> The task
The lines from the top of the material through the line with "伝統ある酒蔵「岡崎酒造」で、対話の組織文化を、どうしたらつくれる? ~ 職場のスキマ時間の" are to be set down exactly. Leave the pictures out.

> Dataset section
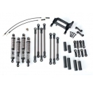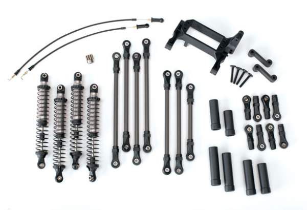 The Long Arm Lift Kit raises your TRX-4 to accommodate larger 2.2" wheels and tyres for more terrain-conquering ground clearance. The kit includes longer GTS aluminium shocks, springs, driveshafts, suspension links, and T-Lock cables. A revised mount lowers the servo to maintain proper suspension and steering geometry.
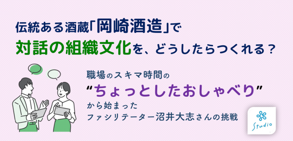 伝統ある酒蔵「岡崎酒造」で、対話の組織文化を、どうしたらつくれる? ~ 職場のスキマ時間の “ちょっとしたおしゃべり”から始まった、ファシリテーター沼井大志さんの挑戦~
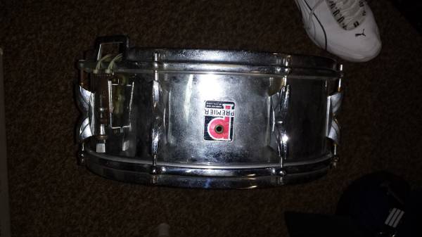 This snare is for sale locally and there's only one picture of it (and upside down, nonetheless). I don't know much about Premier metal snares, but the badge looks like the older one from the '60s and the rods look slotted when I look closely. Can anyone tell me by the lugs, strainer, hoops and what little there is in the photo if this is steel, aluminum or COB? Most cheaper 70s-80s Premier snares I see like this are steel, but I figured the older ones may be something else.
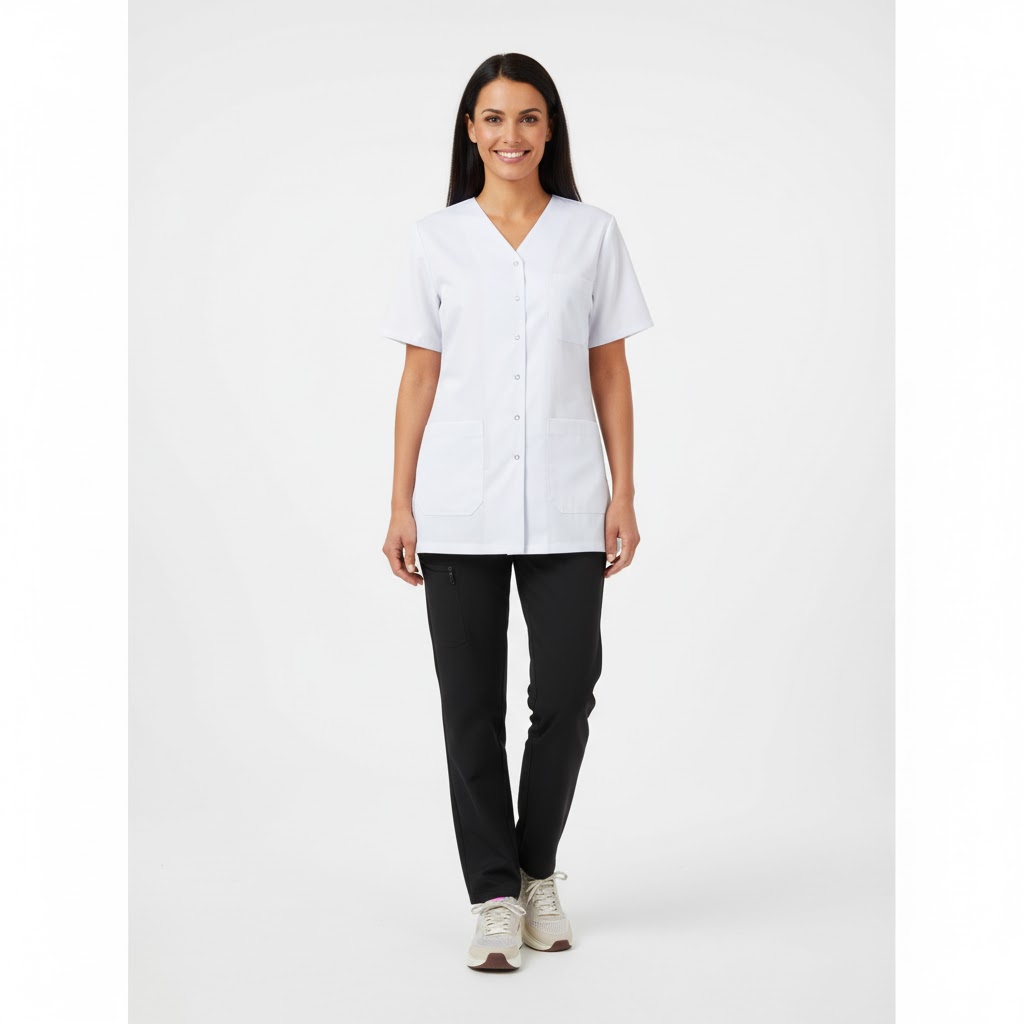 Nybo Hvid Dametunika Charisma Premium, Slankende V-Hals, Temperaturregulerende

> Solution for this task
 The Long Arm Lift Kit raises your TRX-4 to accommodate larger 2.2" wheels and tyres for more terrain-conquering ground clearance. The kit includes longer GTS aluminium shocks, springs, driveshafts, suspension links, and T-Lock cables. A revised mount lowers the servo to maintain proper suspension and steering geometry.
 伝統ある酒蔵「岡崎酒造」で、対話の組織文化を、どうしたらつくれる? ~ 職場のスキマ時間の “ちょっとしたおしゃべり”から始まった、ファシリテーター沼井大志さんの挑戦~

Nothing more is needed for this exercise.